## Your instructions
After finding the line with "2020 New Girl" in the entries below, copy that line and each one after it exactly, through the last line, and omit pictures.
[Data records Boundary: Start]
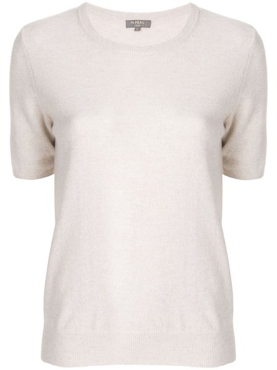 Oatmeal cashmere round neck T-shirt from N.Peal featuring short sleeves, a relaxed fit and a ribbed hem.
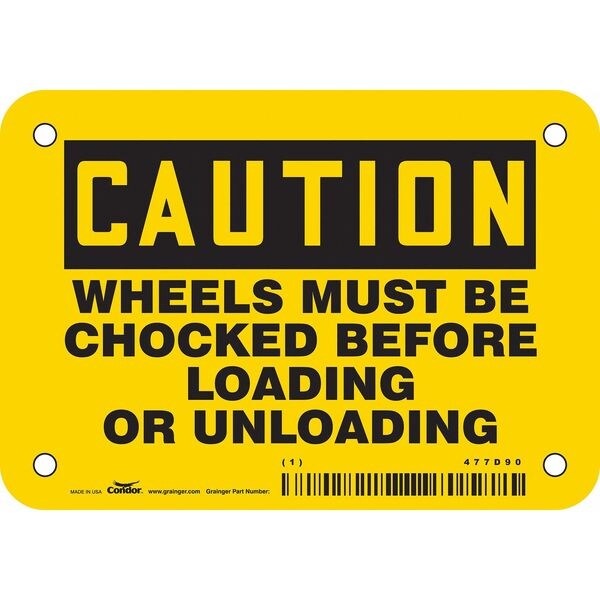 Safety Sign, Horizontal Rectangle, Number of Printed Sides 1, English, Sign Format Traditional OSHA, Sign Legend Wheels Must Be Chocked Before Loading Or Unloading, Sign Legend Background Color Yellow, Sign Legend Style Text
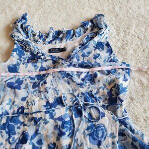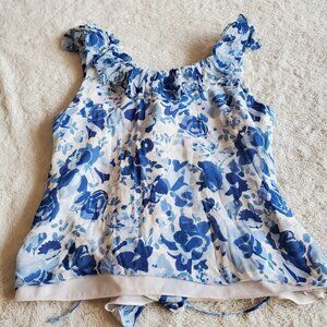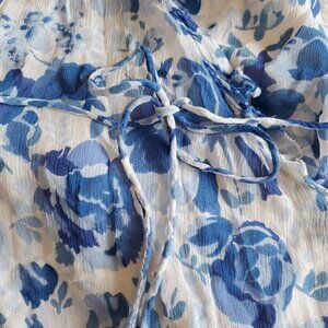 Polo Ralph Lauren Blue White Floral Sleeveless Wrap Blouse 10 Dainty Feminine
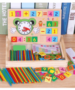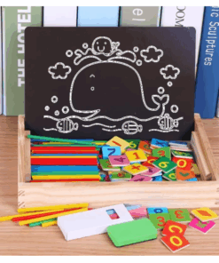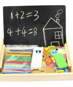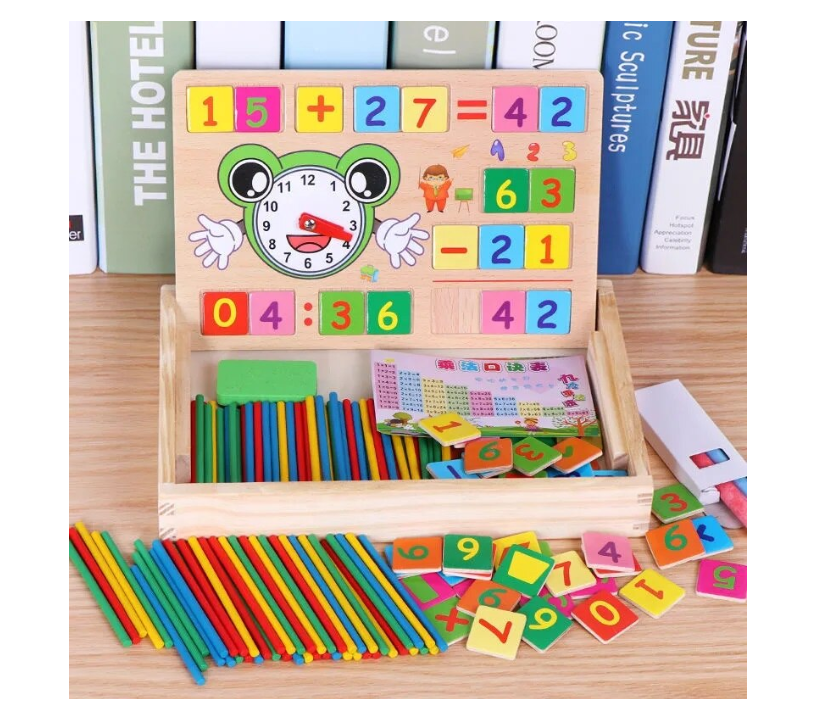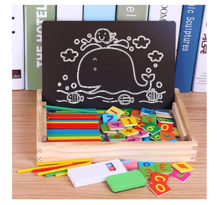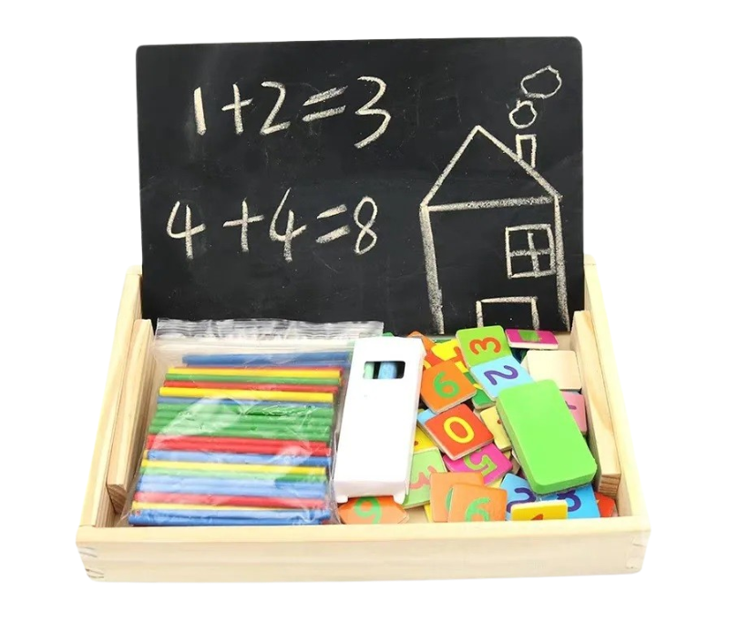 Tablă educativă multifuncțională din lemn, ideală pentru copii de la 3 ani în sus, ce îmbină învățarea matematicii de bază cu activități creative de desen și scriere. Este un instrument educativ conceput conform principiilor Montessori, care stimulează dezvoltarea cognitivă, creativitatea și gândirea logică a celor mici.
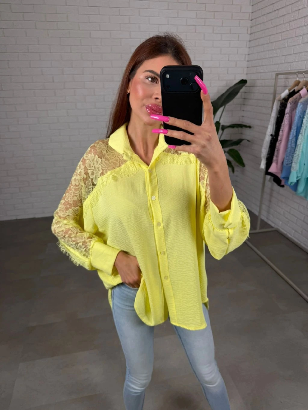 Košile LUAN je navržena v uvolněném ležérním střihu, který působí nenuceně a příjemně se nosí během celého dne. Volně splývá na postavě a díky prodloužené zádi poskytuje více krytí i v oblasti hýždí. Jemné poloprůsvitné krajkové detaily na rukávech dodávají košili ženský a elegantní nádech, díky čemuž působí zajímavě i v jednoduchých outfitech. Rukávy jsou velmi volné a pohodlné, takže se přizpůsobí každé ručičce bez pocitu omezení. Košile se skvěle kombinuje s džíny, kalhotami i legínami a vytváří upravený, ale stále pohodlný look na každý den. Sedne na postavy s konfekční velikostí od S po XL.
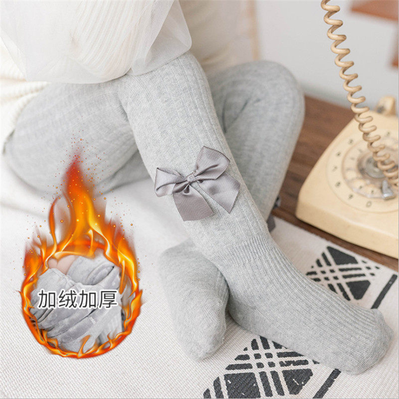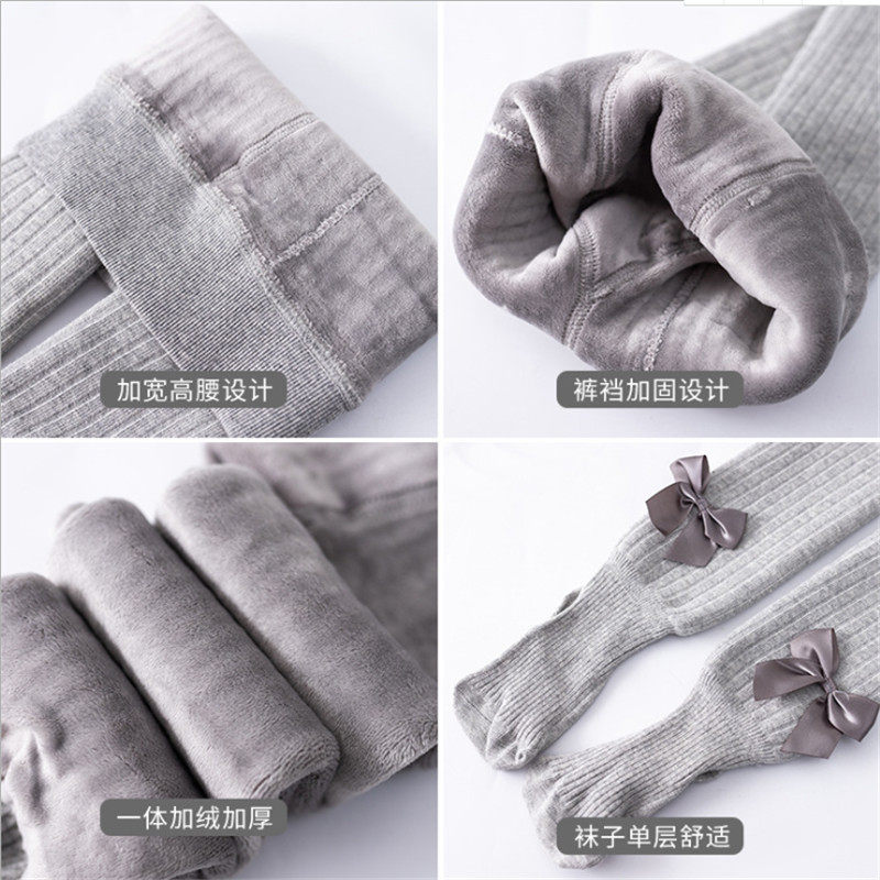 2020 New Girl Pants Socks Autumn Winter Plus Suede Thickened Butterfly Knot Baby Girl Warm Inner Hitch Socks
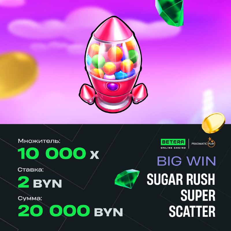 Продолжаем наш секундный марафон 🙃 Наш пользователь выиграл аж 20 000 BYN в новинке от Pragmatic Play – Sugar Rush Super Scatter. У пользователя была включена ставка-анте на х10 шанс выпадения бону
[Data records Boundary: End]
## Finished task
 2020 New Girl Pants Socks Autumn Winter Plus Suede Thickened Butterfly Knot Baby Girl Warm Inner Hitch Socks
 Продолжаем наш секундный марафон 🙃 Наш пользователь выиграл аж 20 000 BYN в новинке от Pragmatic Play – Sugar Rush Super Scatter. У пользователя была включена ставка-анте на х10 шанс выпадения бону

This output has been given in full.